As I understand it, a CUDA core (in Nvidia's terminology) is essentially a single 32-bit ALU. A modern Intel CPU core has the equivalent of maybe 76 32-bit ALUs (depending on how you count). A GPU with 6144 CUDA cores is only about 10x more theoretical compute power than an 8-core CPU.

Obviously there are very big differences in how easily you can exploit the full compute power, so comparing ALU count is not very meaningful, but it's more meaningful than comparing "cores".

Linear speedup

SLi — Thu, 06 Mar 2025 11:34:11 +0000

Why is that not a linear speedup? I mean, could be, could not be. Are you assuming the GPU cores are as fast as your CPU cores? That's very unlikely to be true.
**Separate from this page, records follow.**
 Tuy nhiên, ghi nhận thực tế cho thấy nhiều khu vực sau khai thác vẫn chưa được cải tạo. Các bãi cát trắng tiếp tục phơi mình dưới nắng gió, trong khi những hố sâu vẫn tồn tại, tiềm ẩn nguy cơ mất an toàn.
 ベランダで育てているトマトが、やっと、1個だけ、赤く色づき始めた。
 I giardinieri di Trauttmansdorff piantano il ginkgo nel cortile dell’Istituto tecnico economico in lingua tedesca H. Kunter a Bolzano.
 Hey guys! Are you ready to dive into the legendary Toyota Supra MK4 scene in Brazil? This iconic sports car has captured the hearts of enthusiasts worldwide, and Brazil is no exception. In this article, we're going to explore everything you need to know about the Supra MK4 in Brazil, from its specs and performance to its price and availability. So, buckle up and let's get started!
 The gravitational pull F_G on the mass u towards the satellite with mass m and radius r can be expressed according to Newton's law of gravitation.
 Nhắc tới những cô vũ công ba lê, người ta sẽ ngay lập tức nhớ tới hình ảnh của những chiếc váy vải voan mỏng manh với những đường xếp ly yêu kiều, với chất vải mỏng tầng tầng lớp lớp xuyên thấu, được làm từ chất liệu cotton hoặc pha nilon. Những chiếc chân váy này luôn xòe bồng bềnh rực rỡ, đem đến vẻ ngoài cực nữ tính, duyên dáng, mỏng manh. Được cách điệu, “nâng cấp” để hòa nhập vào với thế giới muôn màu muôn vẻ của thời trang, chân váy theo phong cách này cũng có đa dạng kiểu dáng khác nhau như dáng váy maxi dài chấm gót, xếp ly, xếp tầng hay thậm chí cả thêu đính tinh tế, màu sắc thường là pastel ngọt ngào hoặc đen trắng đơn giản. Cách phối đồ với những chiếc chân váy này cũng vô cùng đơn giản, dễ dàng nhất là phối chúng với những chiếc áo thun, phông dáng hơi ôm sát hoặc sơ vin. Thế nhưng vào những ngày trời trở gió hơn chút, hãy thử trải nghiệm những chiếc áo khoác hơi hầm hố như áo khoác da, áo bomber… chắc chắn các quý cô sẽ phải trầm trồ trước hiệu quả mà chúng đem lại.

I think that to measure whether the speedup is linear, you'd need to run it on a single GPU core and compare to many GPU cores. Another interesting metric could be the energy consumption of the calculation on a CPU vs GPU.
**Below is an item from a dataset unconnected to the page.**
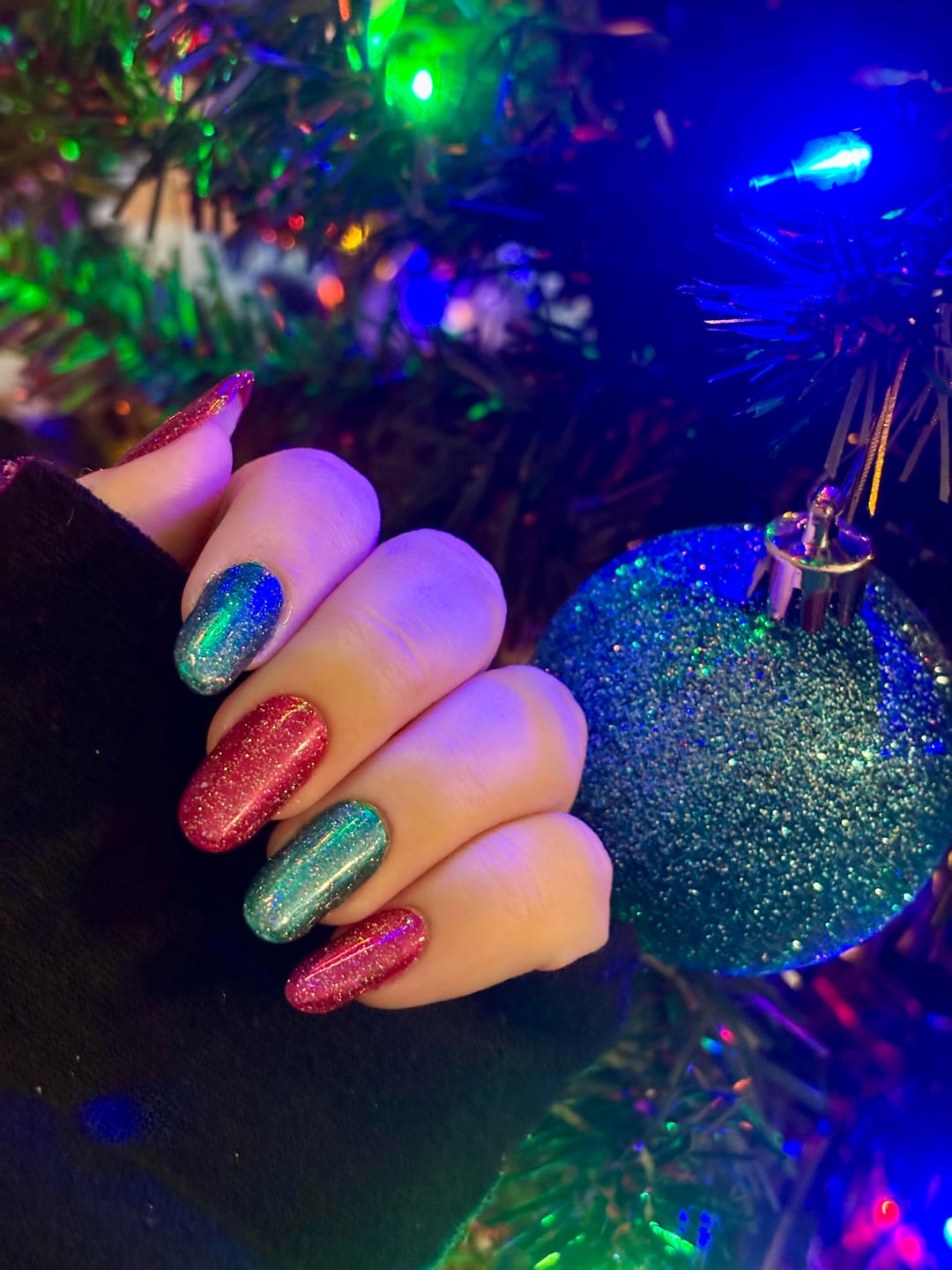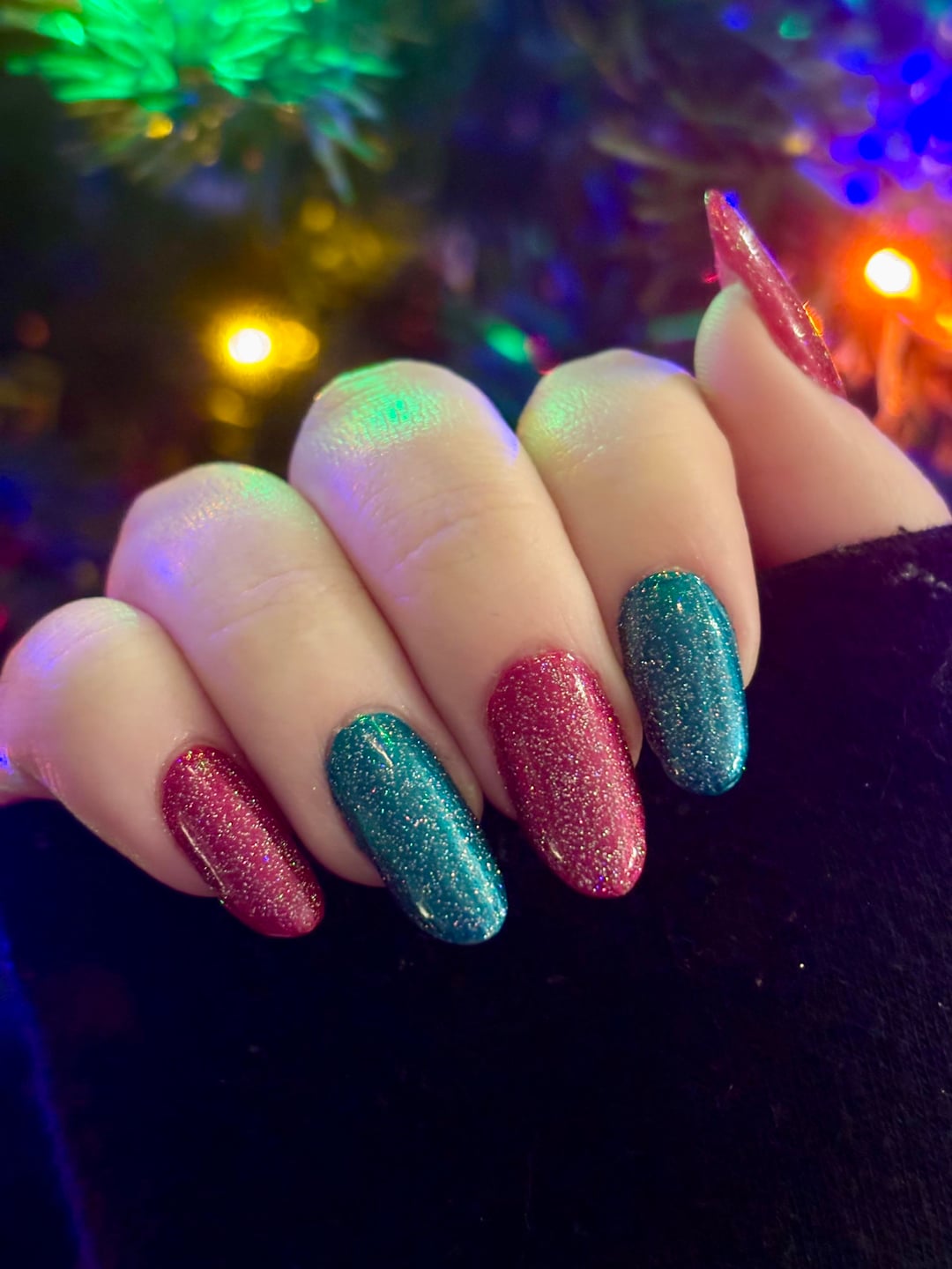 polishes: Nailtopia – Nailday Erday (pink), Candy Moyo – 988 (teal), China Glaze – Fairy Dust

I think a 32x speedup on GPU vs CPU suggests almost perfect parallelization. Depends of course also on the the details of the CPU and the GPU. In my own deep learning work, I use a thumb rule of expecting a high-end GPU to beat a very decent CPU by a factor of 40-100x (for training, which is the best case for GPU).

Very interesting article!

bredelings — Thu, 06 Mar 2025 02:08:39 +0000

I didn't realize that people were still working on that stuff! I had contented myself with the spineless-tagless-g-machine.

Is there some promise of doing optimal reduction by using interaction nets? I seem to recall that optimal reduction was even better than specializing each function for the data it was applied to, but in practice determining the optional reduction order had too much overhead. But perhaps using interaction nets changes that...